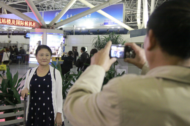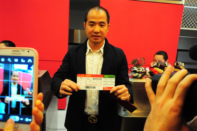 首航航班旅客开始登机,喜悦与兴奋写在每个人的脸上。
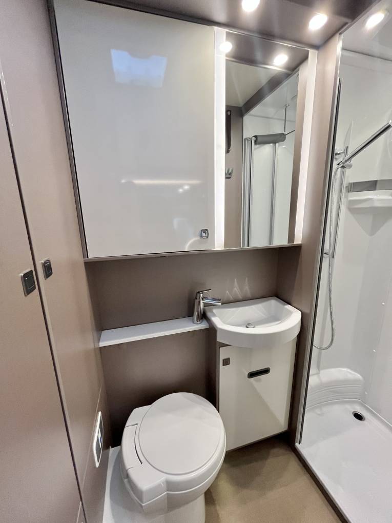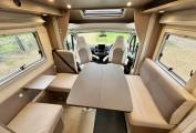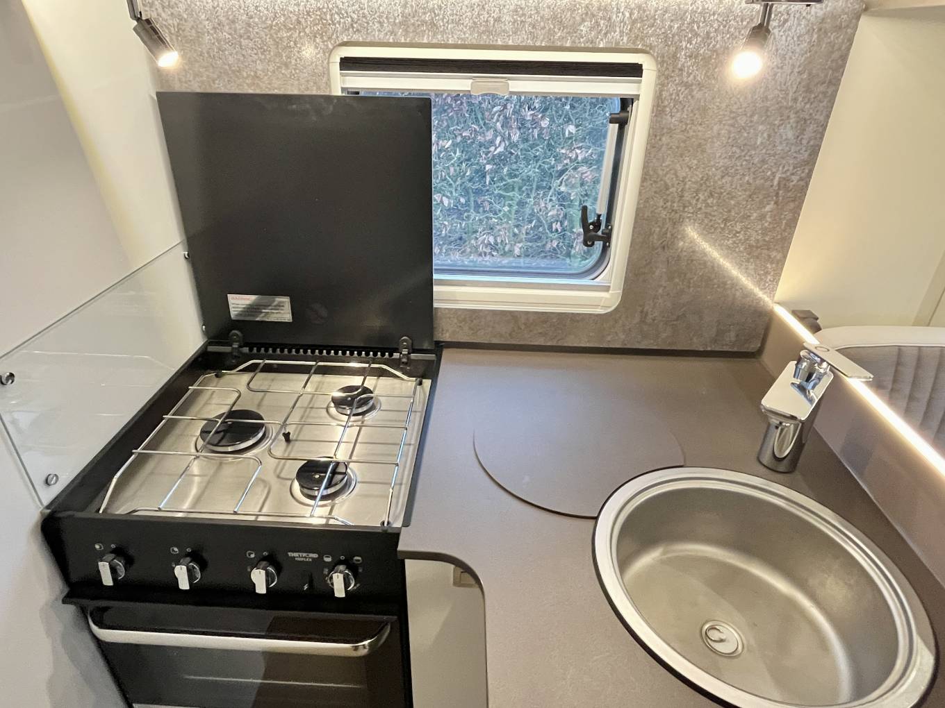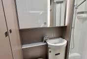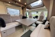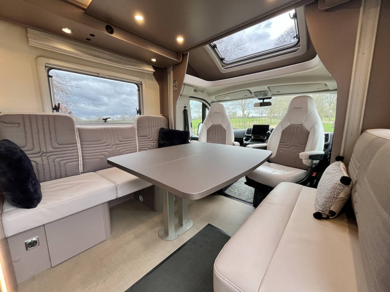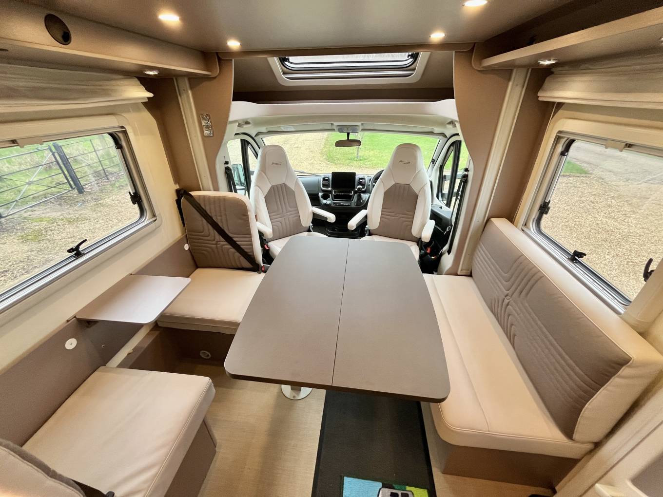 The kitchen area is well equipped with a sink, oven, three gas hobs, and a tall fridge with freezer compartment, while the front dinette provides a comfortable place to dine and relax, the near side lounge bench can be converted into two additional travelling seats with a folding occasional table between. The large central table can be also lowered to make a good sized sleeping area in the lounge when required and there is a large electrically operated drop down bed above. Interior comfort is further enhanced by habitation air conditioning, a Truma heating and hot water system keeps the interior cosy all year round, along with an Avtex TV & Soundbar and 4G Wi-Fi.
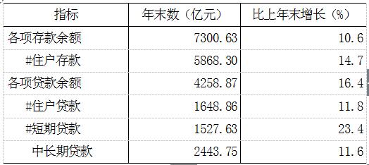 年末全市金融机构本外币各项存款余额7300.63亿元,比上年增长10.6%;其中住户存款余额5868.30亿元,增长14.7%。年末金融机构本外币各项贷款余额4258.87亿元,增长16.4%。其中,住户贷款1648.86亿元,增长11.8%;短期贷款1527.63亿元,增长23.4%;中长期贷款2443.75亿元,增长11.6%。

▶ [What you will do]
Repeat the material above in full and exactly, apart from the pictures.

▶ [Reply to the task]
 首航航班旅客开始登机,喜悦与兴奋写在每个人的脸上。
 The kitchen area is well equipped with a sink, oven, three gas hobs, and a tall fridge with freezer compartment, while the front dinette provides a comfortable place to dine and relax, the near side lounge bench can be converted into two additional travelling seats with a folding occasional table between. The large central table can be also lowered to make a good sized sleeping area in the lounge when required and there is a large electrically operated drop down bed above. Interior comfort is further enhanced by habitation air conditioning, a Truma heating and hot water system keeps the interior cosy all year round, along with an Avtex TV & Soundbar and 4G Wi-Fi.
 年末全市金融机构本外币各项存款余额7300.63亿元,比上年增长10.6%;其中住户存款余额5868.30亿元,增长14.7%。年末金融机构本外币各项贷款余额4258.87亿元,增长16.4%。其中,住户贷款1648.86亿元,增长11.8%;短期贷款1527.63亿元,增长23.4%;中长期贷款2443.75亿元,增长11.6%。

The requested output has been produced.